JDA. Last year’s NRF was a coming out party of sorts for JDA after its acquisition of RedPrairie. A year later, the company has aligned its production portfolio with a new strategy. The biggest sign of this strategy is, literally, the words that were removed from the signs in its booth. JDA no longer carries the tag line “The Supply Chain Company”. This is a recognition that it offers a suite of retail solutions that extend well beyond the supply chain. From a WFM perspective, JDA has two solutions; one from its acquisition of Timera. The other from RedPraire’s acquisition. The long-term plan is to take the best of both products and put them into a brand new WFM solution. In the meantime, both solutions continue to be enhanced.
Kronos. As a baseball freak, Kronos caught my attention with a session it had with their customer Hannaford Bros. titled “The Retail Moneyball”. Using some of the same principles that revolutionized the way general managers look at their baseball teams’ talent, Kronos has been investigating ways to change the way that retailers manage their talent and drive greater profits. Beyond the thought leadership activity, Kronos also released its task management solution on the tablet and announced the results of a survey they commissioned that demonstrated the degree to which retailers around the world view their workforce as a competitive advantage.
Reflexis. “SMART Store Operations” is how Reflexis refers its suite of Social, Mobile, Analytical and Real-Time solutions. At the center of this suite is StorePulse, its real-time execution management engine. Although it has been out for a while, Reflexis officially announced its first four clients at NRF. I suspect this slow adoption is due to the challenges of getting real-time information into an enterprise system. Beyond product, Reflexis also announced it secured new funding from Sageview Capital.
Workplace. Walking into the Workplace booth felt a bit like a flashback into the days of Sega Genesis and other early generation video consoles with blocky, pixelated graphics adorning the booth.

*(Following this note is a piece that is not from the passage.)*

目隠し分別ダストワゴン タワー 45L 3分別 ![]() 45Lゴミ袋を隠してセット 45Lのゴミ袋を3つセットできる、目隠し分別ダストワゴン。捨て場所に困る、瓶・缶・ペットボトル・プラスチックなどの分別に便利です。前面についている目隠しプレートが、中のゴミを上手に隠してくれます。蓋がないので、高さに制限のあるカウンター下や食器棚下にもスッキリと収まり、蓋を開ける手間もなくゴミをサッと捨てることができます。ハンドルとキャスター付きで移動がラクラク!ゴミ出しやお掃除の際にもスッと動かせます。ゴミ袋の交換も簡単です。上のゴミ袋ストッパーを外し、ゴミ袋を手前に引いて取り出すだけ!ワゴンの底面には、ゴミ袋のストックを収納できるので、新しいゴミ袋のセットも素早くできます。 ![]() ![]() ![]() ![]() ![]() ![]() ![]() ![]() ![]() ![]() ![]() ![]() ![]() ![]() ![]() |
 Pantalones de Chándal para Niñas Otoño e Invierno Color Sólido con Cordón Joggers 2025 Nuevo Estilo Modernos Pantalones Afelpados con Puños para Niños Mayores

Of course, there was a method to the madness. The booth was featuring “Workplace: The Game”, a surprising fun online game that Workplace developed to illustrate its Schedule Quality Rating (SQR), a simple-to-understand star-rating system that Workplace’s software generates to provide feedback to store managers as to how good their schedule is.
As you can see, there was not a single theme that ran through the WFM vendors at NRF this year. Mobile has become commonplace from a vendor offering perspective. This meant that it was less of a headline although everybody was demonstrating it. Social is gaining some attention, but we’re still in the early days. Expect Social WFM to be a headline next year. There were no new “killer” WFM modules released at NRF this year. Instead, WFM vendors are trying to differentiate and add value through thought leadership.